The Nogo-A protein, originally discovered as a potent myelin-associated inhibitor of neurite outgrowth, is also expressed by certain neurons, especially during development and after injury, but its role in neuronal function is not completely known. In this report, we overexpressed Nogo-A in PC12 cells to use as a model to identify potential neuronal signaling pathways affected by endogenously expressed Nogo-A. Unexpectedly, our results show that viability of Nogo-A-overexpressing cells was reduced progressively due to apoptotic cell death following NGF treatment, but only after 24 h. Inhibitors of neutral sphingomyelinase prevented this loss of viability, suggesting that NGF induced the activation of a ceramide-dependent cell death pathway.

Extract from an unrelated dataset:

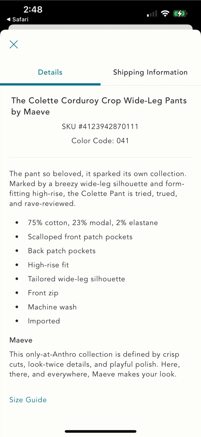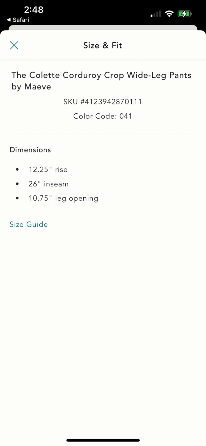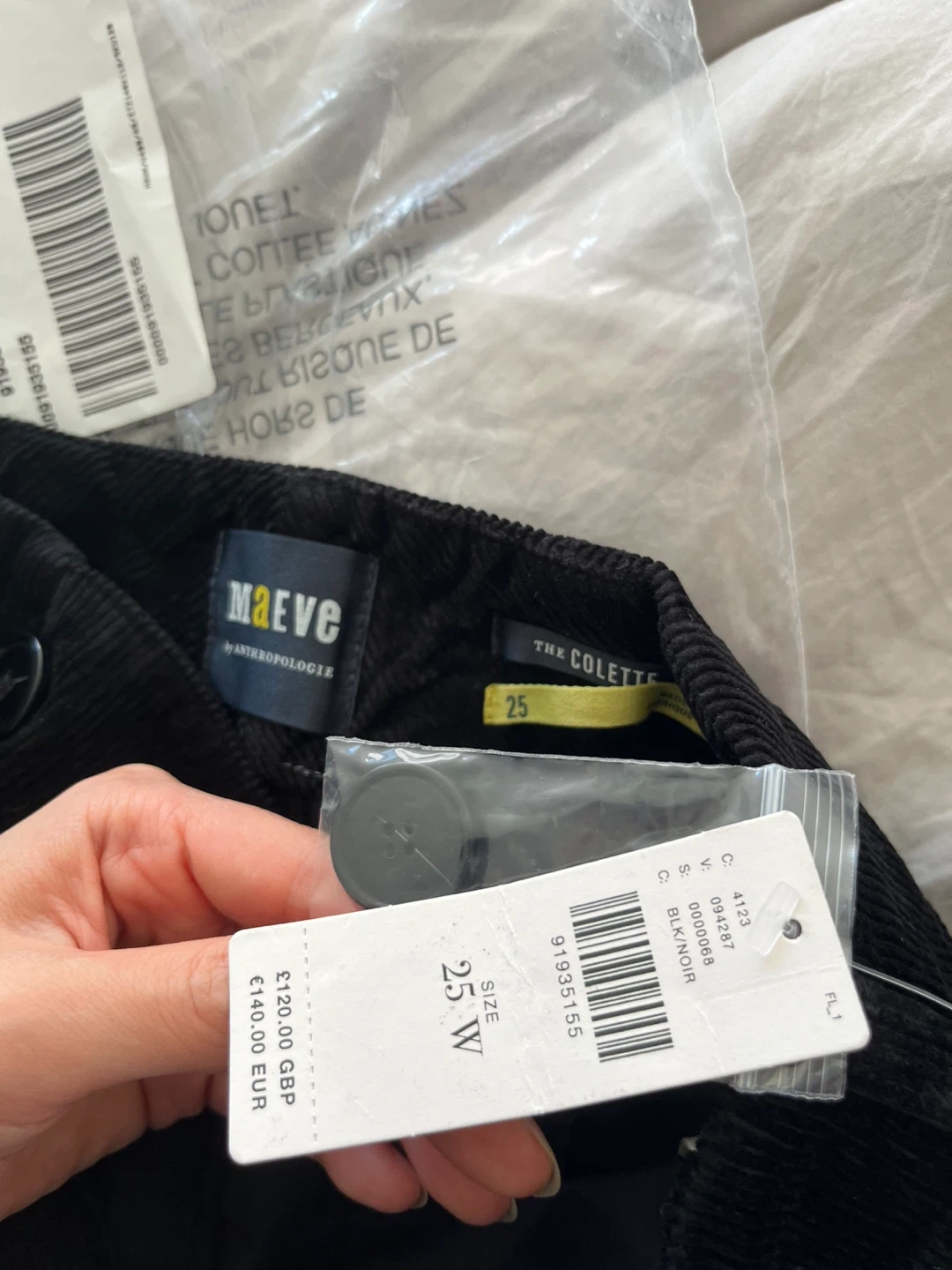 BNWT Anthropologie Colette Corduroy Crop Pants Black 25

Nogo-A over-expression also changed NGF-induced phosphorylation of TrkA at tyrosines 490 and 674/675 from sustained to transient, and prevented the regulated intramembrane proteolysis of p75^NTR, indicating that Nogo-A was altering the function of the two neurotrophin receptors. Co-immunoprecipitation studies revealed that there was a physical association between TrkA and Nogo-A which appeared to be dependent on interactions in the Nogo-A-specific region of the protein. Taken together, our results indicate that Nogo-A influences NGF-mediated mechanisms involving the activation of TrkA and its interaction with p75^NTR.

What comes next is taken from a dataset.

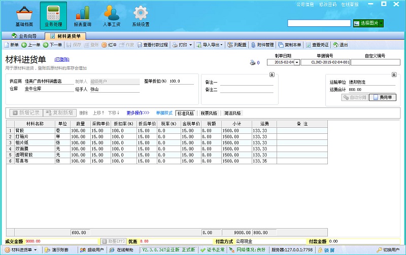 在廣告公司管理系統(tǒng)中,需要用戶對自己公司的倉庫的庫存量進行入庫出庫管理,入庫的主要方式當然就是通過材料進貨入庫,用戶需要開出材料進貨單,記錄本次采購的材料是哪一些,采購單價、采購數(shù)量等信息,以及能夠把本次運費等費用算到成本中去,平攤到每一個產(chǎn)品的采購單價中。如下圖所示:
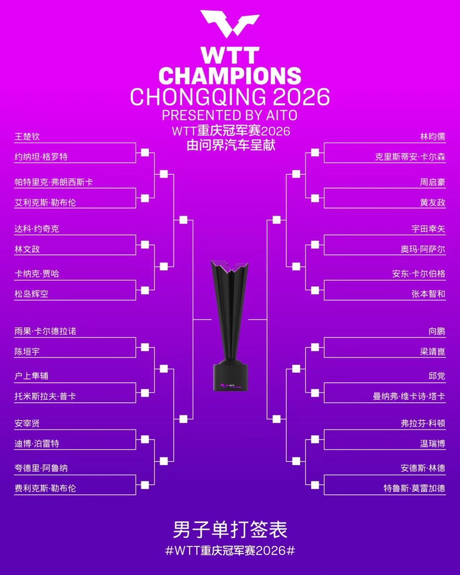 2026WTT重庆冠军赛将于3月10日拉开战幕,卫冕冠军王楚钦、孙颖莎领衔男乒7男7女的豪华威望出战。8日,对阵签表出炉, 国乒男队遇到“最调皮分组”,两场内战将在首轮提前献艺。

Nogo-A蛋白最初是作为有效的髓鞘相关的神经突增生抑制剂而发现的，它也由某些神经元表达，特别是在发育过程中和损伤后，但其在神经元功能中的作用尚不完全清楚。在此报告中，我们在PC12细胞中过表达Nogo-A，用作鉴定受内源表达Nogo-A影响的潜在神经元信号通路的模型。出乎意料的是，我们的结果表明，NGF处理后，凋亡细胞死亡导致Nogo-A过表达细胞的活力逐渐降低，但仅在24小时后。中性鞘磷脂酶的抑制剂阻止了这种活力的丧失，表明NGF诱导了神经酰胺依赖性细胞死亡途径的激活。^NTR，表明Nogo-A正在改变两种神经营养蛋白受体的功能。免疫共沉淀研究表明，TrkA和Nogo-A之间存在物理联系，这似乎取决于蛋白质Nogo-A特异性区域中的相互作用。两者合计，我们的结果表明Nogo-A影响NGF介导的机制，涉及TrkA的激活及其与p75 ^NTR的相互作用。